§ **TASK STATEMENT**:
From the line containing "懸空電視牆底透出的暖光,不光" to the end of the records, print every line exactly, both ends included, and leave out the pictures.
(DATASET RECORDS Opens)
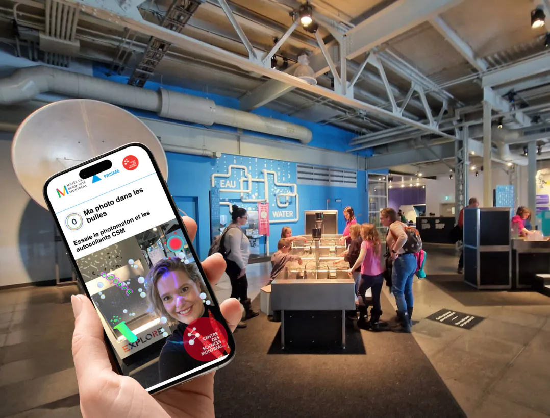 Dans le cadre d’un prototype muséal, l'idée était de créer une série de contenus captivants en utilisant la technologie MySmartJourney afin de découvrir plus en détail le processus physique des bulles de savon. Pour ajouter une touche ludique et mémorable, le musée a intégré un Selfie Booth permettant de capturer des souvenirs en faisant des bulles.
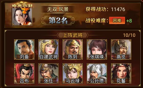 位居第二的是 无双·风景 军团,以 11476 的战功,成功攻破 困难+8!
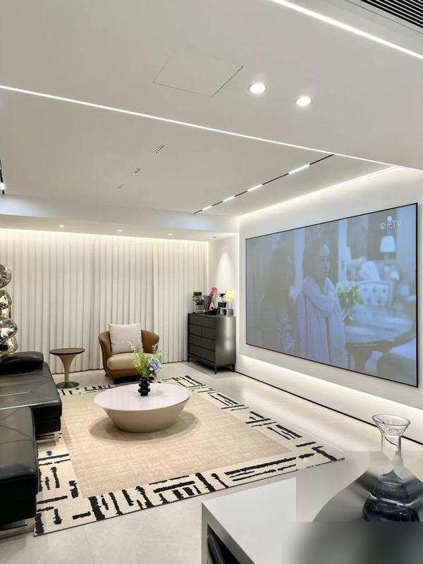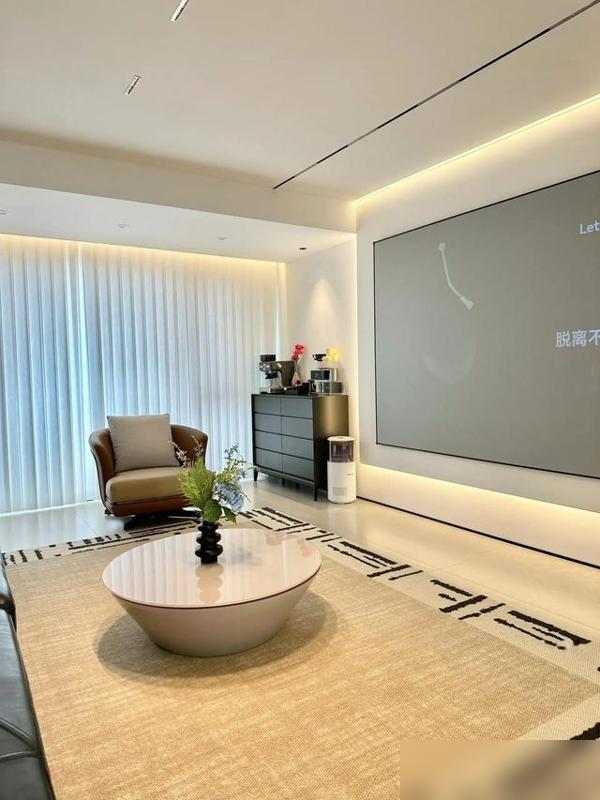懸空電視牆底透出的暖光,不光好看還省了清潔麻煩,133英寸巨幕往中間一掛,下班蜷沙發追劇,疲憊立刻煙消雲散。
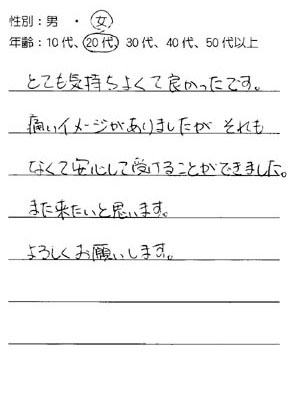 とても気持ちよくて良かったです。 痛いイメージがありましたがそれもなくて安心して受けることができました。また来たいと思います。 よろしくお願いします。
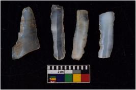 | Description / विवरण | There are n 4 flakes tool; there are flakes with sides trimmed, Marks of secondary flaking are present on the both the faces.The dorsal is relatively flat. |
(DATASET RECORDS Closes)
§ **EXPECTED ANSWER**:
懸空電視牆底透出的暖光,不光好看還省了清潔麻煩,133英寸巨幕往中間一掛,下班蜷沙發追劇,疲憊立刻煙消雲散。
 とても気持ちよくて良かったです。 痛いイメージがありましたがそれもなくて安心して受けることができました。また来たいと思います。 よろしくお願いします。
 | Description / विवरण | There are n 4 flakes tool; there are flakes with sides trimmed, Marks of secondary flaking are present on the both the faces.The dorsal is relatively flat. |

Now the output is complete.